Saturday, August 25, 2007

Wednesday, August 22, 2007

Self-indulgent summertime retrospective

I realize I've been a crap blogger these past few weeks, but there's been a lot of stuff going on, both in my life and in my head. Regrettably, most of it isn't worth blogging about--and although I'd be perfectly content not to be experiencing it, it seems a courtesy to save all y'all from hearing about it.

Every August I find myself torn between freaking out because the school year is about to begin, and I haven't gotten nearly enough done--and absolutely dying for the school year to begin, because I'm so sick of summer and all that unstructured time. That tension is still present this year, but all in all I think I've NEVER been as eager to return to the classroom as I am right now. It's not that I'm truly prepared for the academic year (although I'm genuinely excited about two of my three classes this semester), and it's not that I have a great sense of satisfaction about what I've accomplished over the summer (because, um, I don't). It's just that I think I'd jump off a fucking cliff if I had a single additional week of summer to try to fill.

Has it been a bad summer? Well, yes. But it could certainly have been worse. Has it been a good summer?
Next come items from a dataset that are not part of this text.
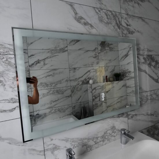 Stilingas veidrodis su integruotu LED apšvietimu ir dekoruotas matine juosta. Veidrodžio apšvietimo linija eina per visą perimetrą. Veidrodis yra atsparus drėgmei tinka vonios kambariui
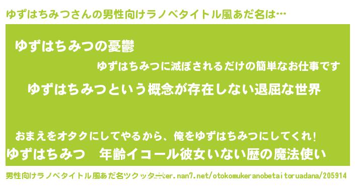 | ヒーロー風カッコイイあだ名 | 『ネオユズハチミツ』『魔戒騎士ユズ』 |
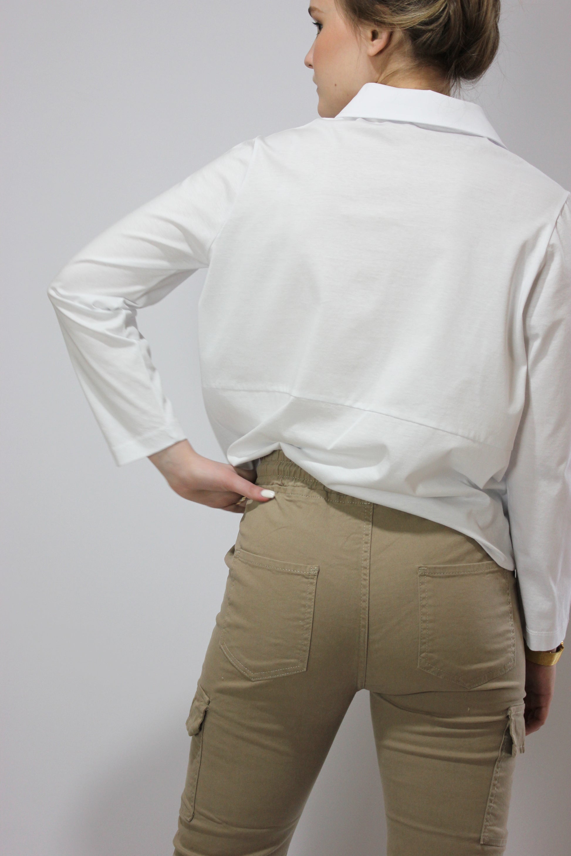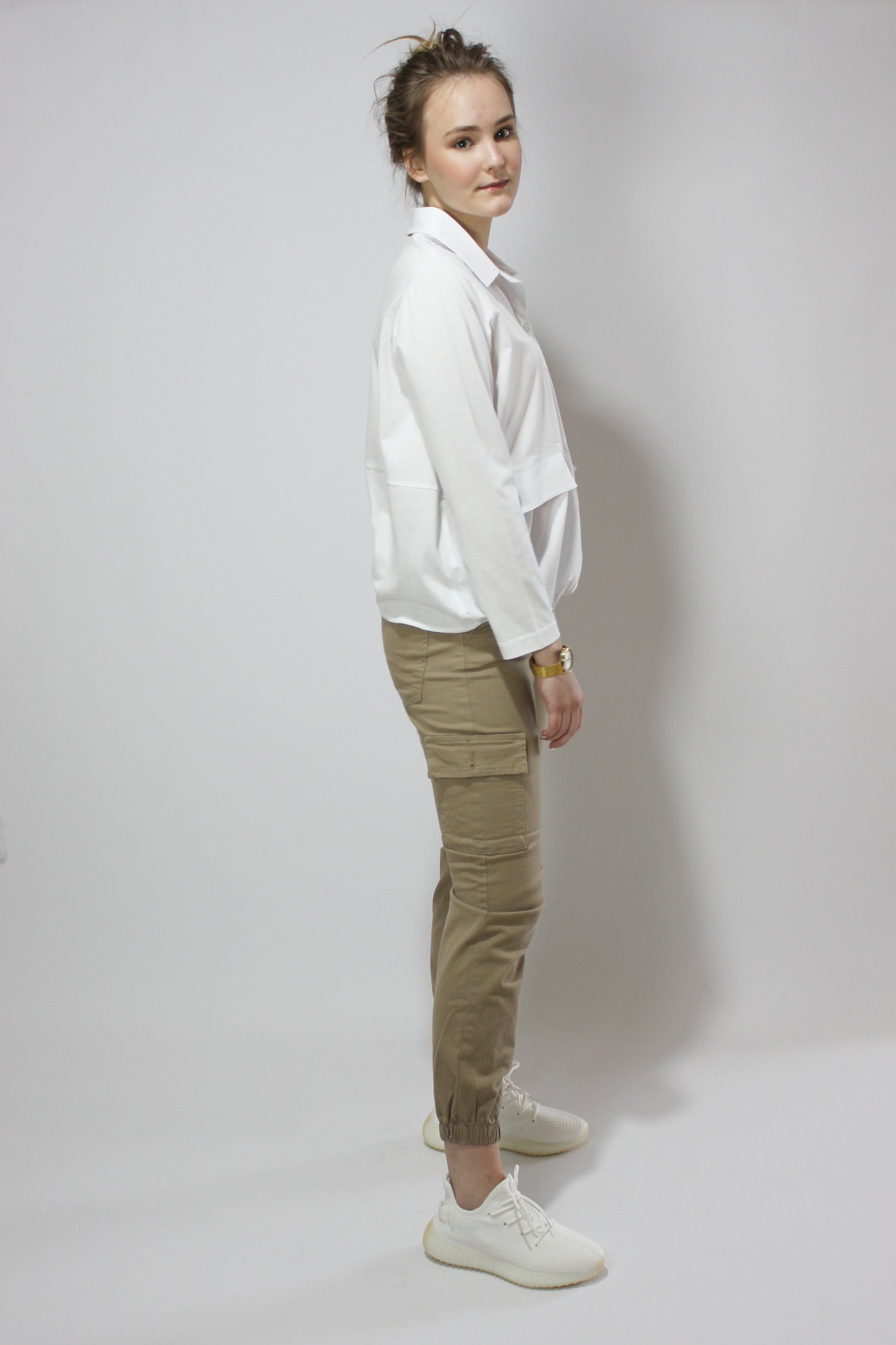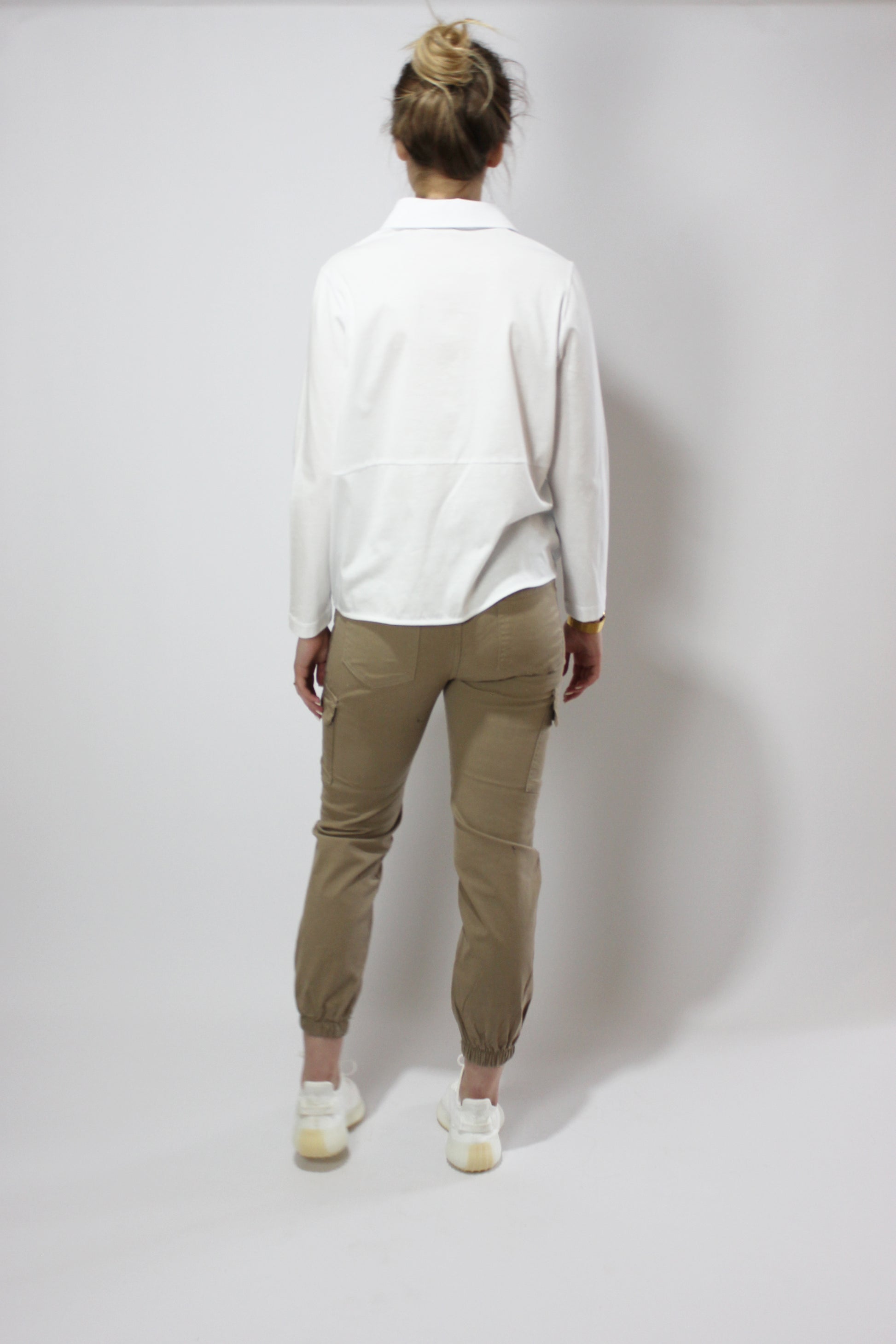 Мягкий, спортивный, неэластичный натуральный хлопок с резинкой. Молния не нужна. Длина до щиколотки с резинкой внизу. Боковые и передние карманы. Также доступен в цвете хаки
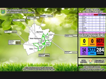 Batulicin, kalselpos.com – Update terakhir perkembangan kasus konfirmasi Covid-19 di Kabupaten Tanah Bumbu (Tanbu), Minggu (24/10/2021), pada pukul 16.00 WITA, menyebutkan
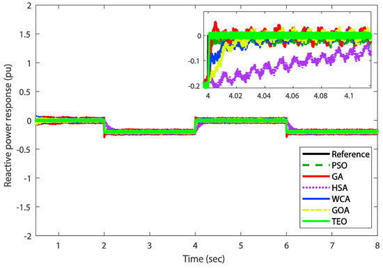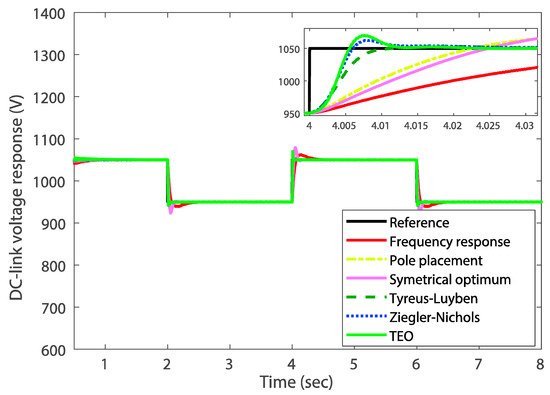 In recent years, an enormous variety of metaheuristics optimization algorithms has been applied to solve complex and hard problems in science and engineering fields. Bekakra and Attous [10] presented the Particle Swarm Optimization (PSO) algorithm to obtain the optimal gains of PI controllers for the indirect control of the active and reactive powers’ loops of a DFIG. Integral Absolute Error (IAE), Integral Time-weighted Absolute Error (ITAE) and Integral Square Error (ISE) performance criteria were selected as objective functions. Vieira et al. [11] applied the Genetic Algorithm (GA) to obtain the gains of the PI controllers at the RSC, where the active and reactive powers loops were directly controlled. In addition, an indirect power control strategy was achieved using GA-tuned integral sliding mode controllers, where the GA was used to tune the parameters of the direct and quadrature rotor current controllers [12]. Moreover, Assareh et al. [13] proposed a hybrid GA along with a gravitational search algorithm to attain the optimal gains of the PI controller for the torque regulation of a DFIG-based WT system. In all of these studies, the optimization algorithms are applied to obtain only the PI controllers’ gains of the active and reactive powers at the RSC without discussion about the DC-link voltage regulation loop at the GSC and their effect on the overall control system.

That seems like a stupid question to ask, but many things about the summer have been good, even surprisingly good, and my ambition is to be able to look back on the past three and a half months as having been largely positive and productive, even if disagreeable on a near-daily basis.

For one thing, over the course of the summer I think I've learned more about myself than I have during any other comparable period of time; frankly, I'm inclined to think I've grown and changed as much in the not-quite-four-months since my breakup as I did in the entire six years I spent in that relationship--and that's in no way a dismissal of the value of the latter. It's nice to discover how much more one is capable of than one would have believed. . . and how much better, more dedicated, and more generous a person one is. (It would be even nicer if those attributes or behaviors were immediately recognized and rewarded, but I suppose such commodities hold their value.)

I've also been reminded of what amazing friends I have, and having the opportunity to reconnect with so many of them, so many times, and in such depth, has been a profoundly and consistently wonderful experience. After my conference last week I spent the weekend in the city that is now home to a ridiculous number of my college friends, and all I can say is, goddamn. What fabulous, insightful people they all are. My newer friends, too, are pretty awesome--in the past 24 hours I've unexpectedly started crying in front of two different people, first a young male colleague and then Evey, and both reacted in ways that were straightforward, sympathetic, and helpful, rather than awkward, anxious, or mortifying.

For years and years, through my teens and most of my twenties, I don't think I believed that I could be truly understood, or known, for whatever it was that I was--first known, I guess, and then loved. So if in some ways this summer has seemed to be a confirmation of that deep (and, let's be honest, totally narcissistic) fear, in other ways it's been exactly the opposite.

And hell. I did some fun travelling. I got at least a certain amount of work done. I read some books, made some new professional acquaintances, and heard some great gossip.

And of course, winter break is only 3.5 months away.